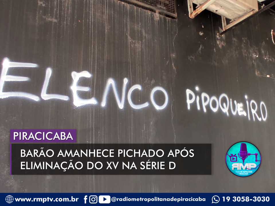 O estádio Barão da Serra Negra, casa do XV de Piracicaba, amanheceu com pichações nos muros após o time ser eliminado da Série D do Brasileirão. O time perdeu para o Cascavel por 3 a 2 fora de casa na última rodada da primeira fase, no último sábado (22), e se despediu da competição nacional.
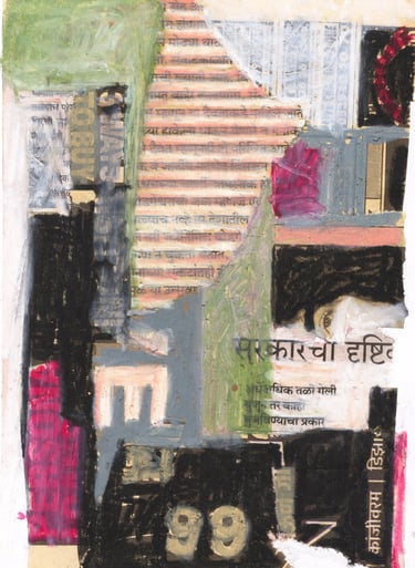 Mixed media - newspaper, tissue paper, acrylic paint on postcard 7x5" Unframed
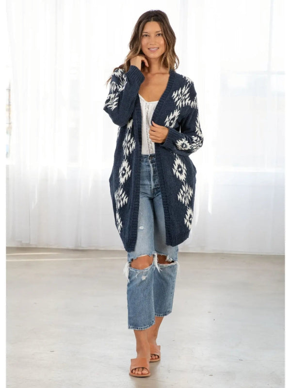 A beautiful western cardigan featuring a chic Southwestern pattern, two hidden side pockets, and ribbed trim, hem, and cuff detail. Fits below the waist with an oversized fit for an ultra cozy look.

--------------------

Exercise objective -
Could you give the listing again exactly as it stands, minus any pictures?

The answer -
 O estádio Barão da Serra Negra, casa do XV de Piracicaba, amanheceu com pichações nos muros após o time ser eliminado da Série D do Brasileirão. O time perdeu para o Cascavel por 3 a 2 fora de casa na última rodada da primeira fase, no último sábado (22), e se despediu da competição nacional.
 Mixed media - newspaper, tissue paper, acrylic paint on postcard 7x5" Unframed
 A beautiful western cardigan featuring a chic Southwestern pattern, two hidden side pockets, and ribbed trim, hem, and cuff detail. Fits below the waist with an oversized fit for an ultra cozy look.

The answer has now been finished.